ABSTRACT

The Revenger’s Tragedy, first staged in 1606 at the Globe and printed anonymously in a quarto in 1607, is a peculiar text. Several critics over the years have singled out the play for its idiosyncratic artistic merit, even while drawing sharp qualifications about its relative merit when weighed against other tragedies in the same genre. Its unique energy of language and relentless theatrical pacing have been roundly praised, but its underlying poetic and thematic effects remain mooted. Like many other Jacobean tragedies of its time, its profounder effects arise from its conscious response to earlier Elizabethan models. It is a deeply competitive play, competing at once with Marlowe, Shakespeare and Marston, laying claim to novelty in its irreverent handling of stock themes and images taken from these loftier precursors. The little criticism that there is on the play, however, has shifted in emphasis from considering more narrow dramaturgical and literary questions of influence to look at the play’s wider debts to socio-historical influence.

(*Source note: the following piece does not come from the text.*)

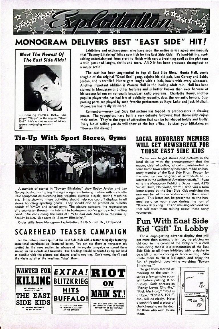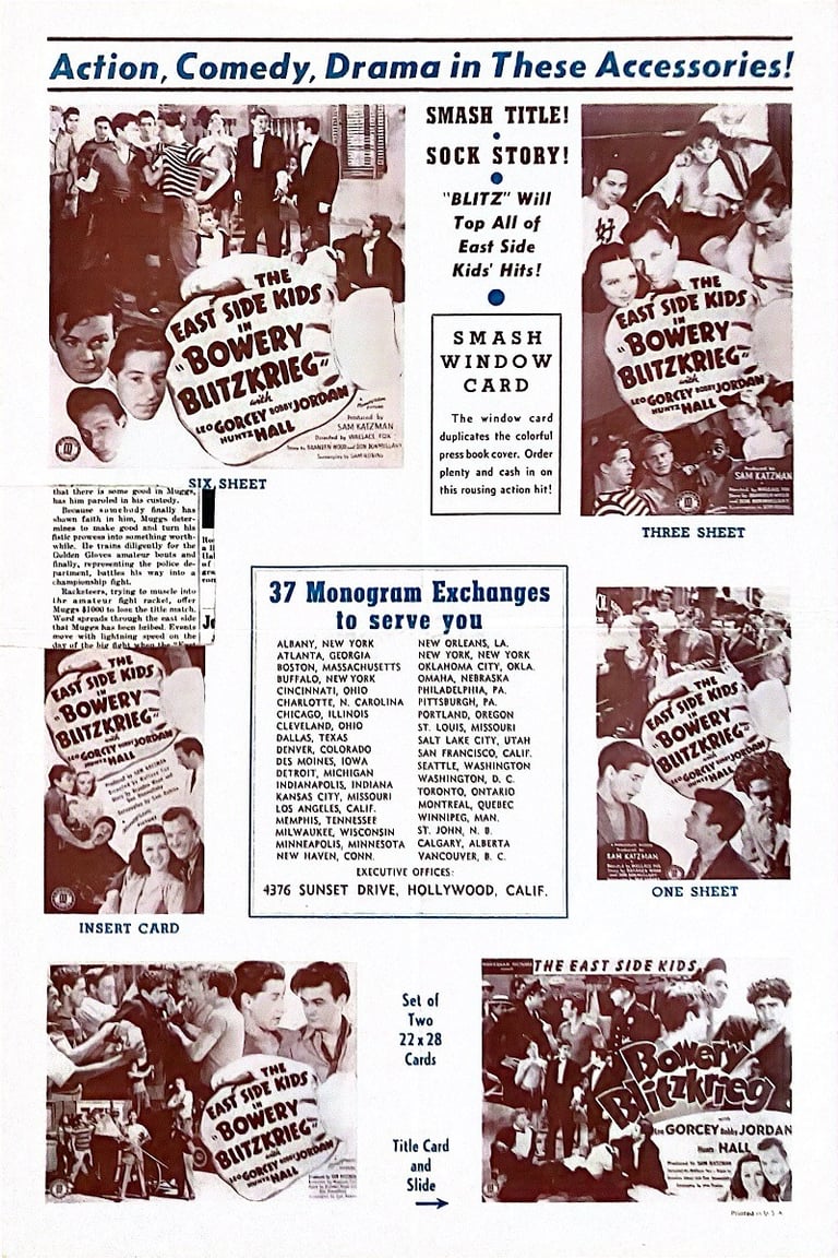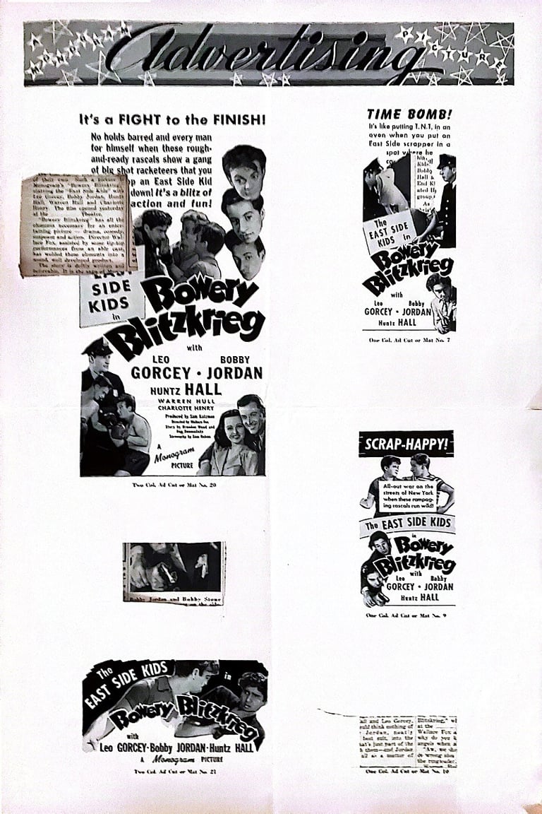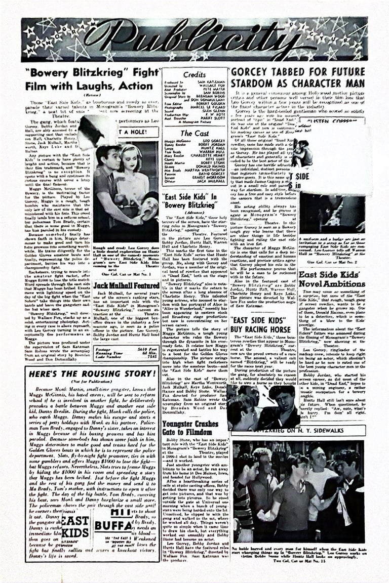 Bowery Blitzkrieg is a 1941 American comedy film directed by Sam Katzman. It is the sixth installment of the East Side Kids series.[1] The film "introduced" Huntz Hall in his first of the East Side Kids film series.

Indeed most recent introductions to scholarly editions of Jacobean revenge drama in general, and The Revenger’s Tragedy in particular, gloss the play’s grotesque meditation on the abuses of power as symptomatic of the great change in culture that swept the English court during the early years of James I’s reign. 1 But to insist too strongly on the socio-historical context is to risk suggesting that the resulting spectacle of violence and transgression owes everything to a certain Jacobean zeitgeist and very little to more immediate artistic influences. The distinction is a false one. The theatrical legacy of Marlowe, Shakespeare and Marston is itself deeply implicated in the wider cultural-literary context within which the next generation of Jacobean playwrights operated, and which accounts therefore for much of what makes Jacobean drama so distinct by comparison.